**Your task:** Go to the line below containing "首页 > 租号大厅 >" and print exactly from there through the line containing "은장로고 체인 숄더백", both included. Print nothing else.

**Records shown:**
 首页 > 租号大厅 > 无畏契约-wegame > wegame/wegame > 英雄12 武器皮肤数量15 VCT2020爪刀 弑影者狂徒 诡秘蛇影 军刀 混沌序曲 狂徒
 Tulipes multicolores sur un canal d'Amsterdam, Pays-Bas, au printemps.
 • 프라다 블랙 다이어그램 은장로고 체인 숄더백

==

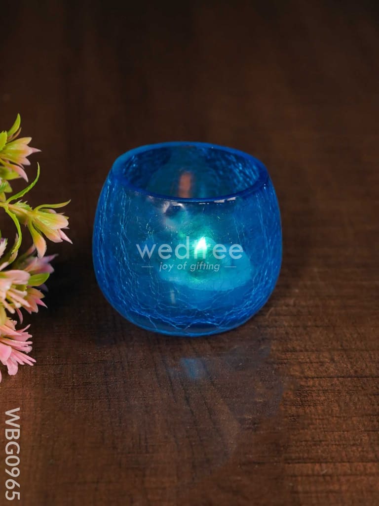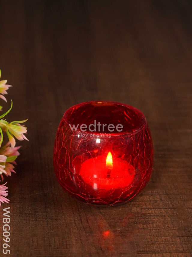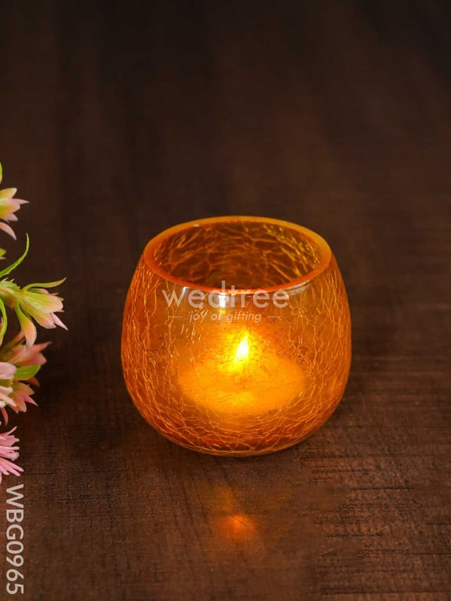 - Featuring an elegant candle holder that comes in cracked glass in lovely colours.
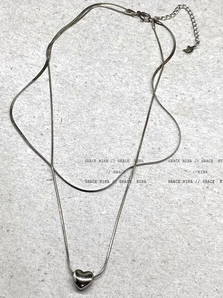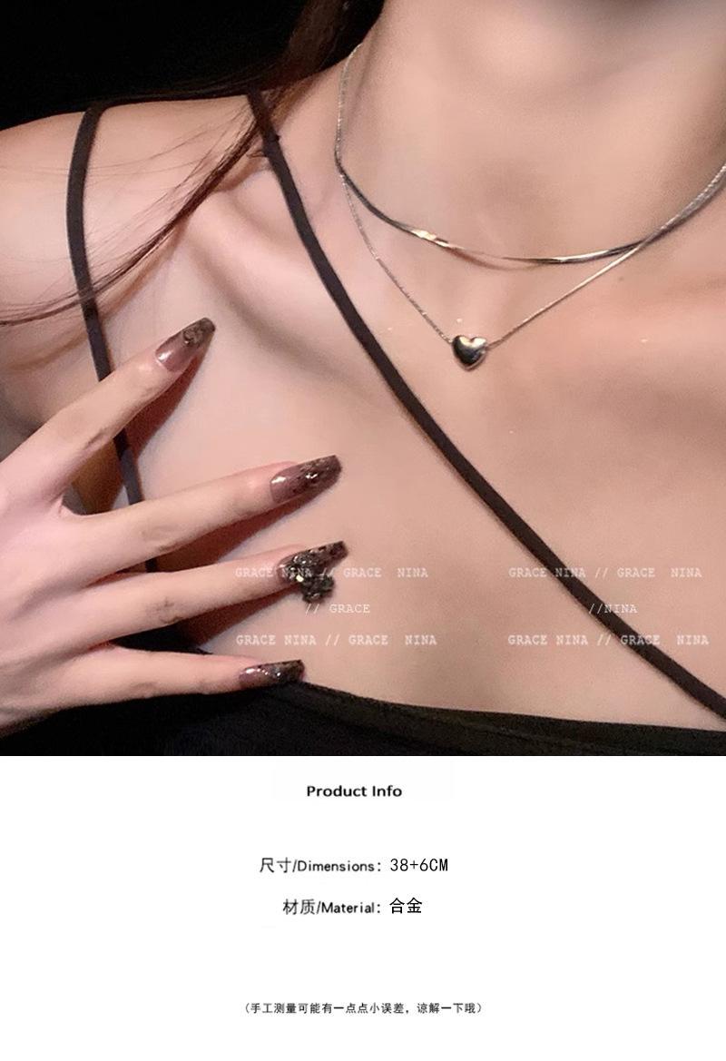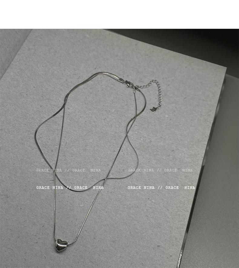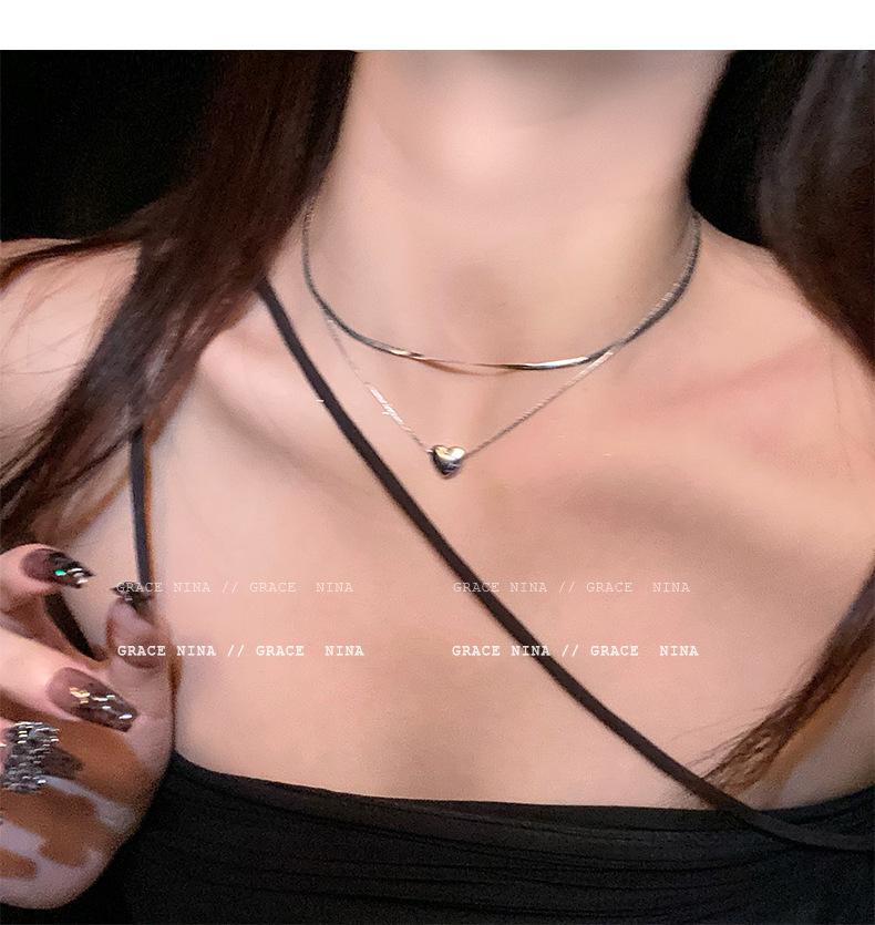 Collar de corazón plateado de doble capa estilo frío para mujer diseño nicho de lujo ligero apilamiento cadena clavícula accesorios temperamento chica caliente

**Response area:**
 首页 > 租号大厅 > 无畏契约-wegame > wegame/wegame > 英雄12 武器皮肤数量15 VCT2020爪刀 弑影者狂徒 诡秘蛇影 军刀 混沌序曲 狂徒
 Tulipes multicolores sur un canal d'Amsterdam, Pays-Bas, au printemps.
 • 프라다 블랙 다이어그램 은장로고 체인 숄더백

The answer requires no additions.